== Goal of the exercise ==
In the records below, find the line with "EAR (95% C.L.) |" and repeat exactly every line from it through the line with "式中:A0为以1 mL乙醇代替样品液的对照组吸光度值;Aj为以1 mL乙醇代替DPPH乙醇液的对照组吸光度值。". Pictures stay out.

== Provided records ==
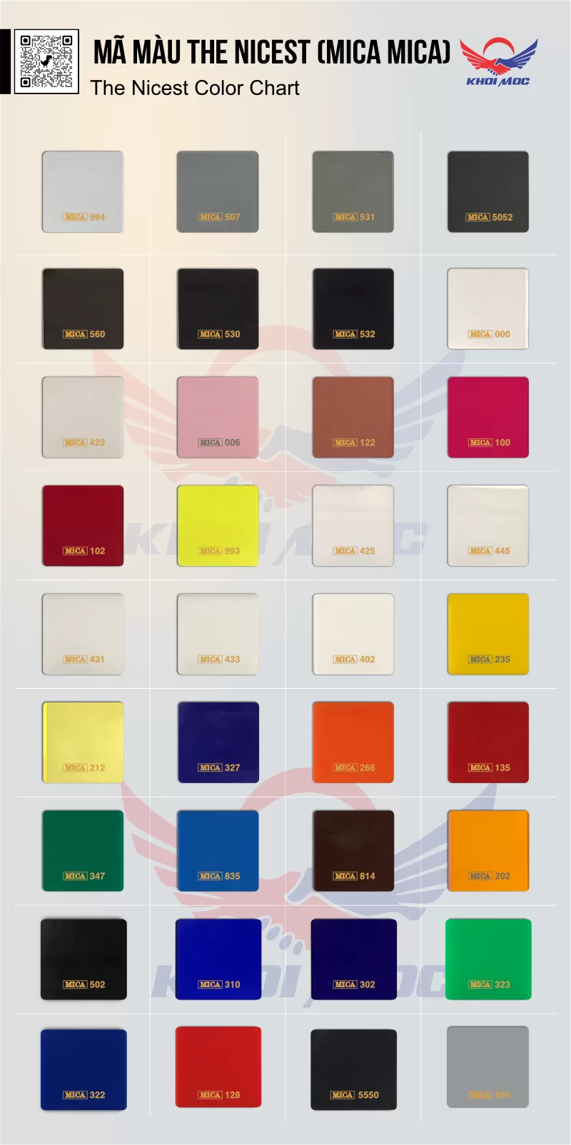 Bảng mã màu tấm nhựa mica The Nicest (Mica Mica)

==

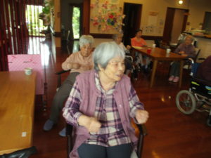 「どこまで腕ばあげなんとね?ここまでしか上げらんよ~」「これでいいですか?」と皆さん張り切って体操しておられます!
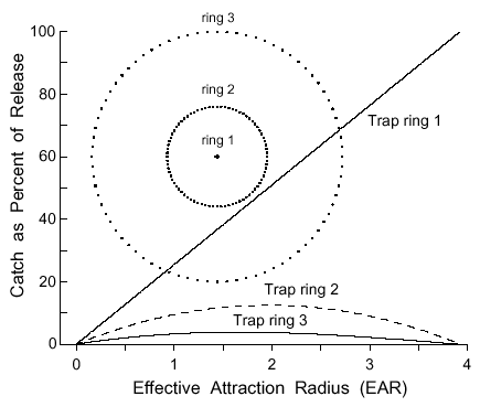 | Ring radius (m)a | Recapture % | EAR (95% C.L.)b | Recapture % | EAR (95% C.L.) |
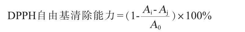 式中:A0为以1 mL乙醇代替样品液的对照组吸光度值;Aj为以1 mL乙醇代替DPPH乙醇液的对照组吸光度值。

== Exercise result ==
 | Ring radius (m)a | Recapture % | EAR (95% C.L.)b | Recapture % | EAR (95% C.L.) |
 式中:A0为以1 mL乙醇代替样品液的对照组吸光度值;Aj为以1 mL乙醇代替DPPH乙醇液的对照组吸光度值。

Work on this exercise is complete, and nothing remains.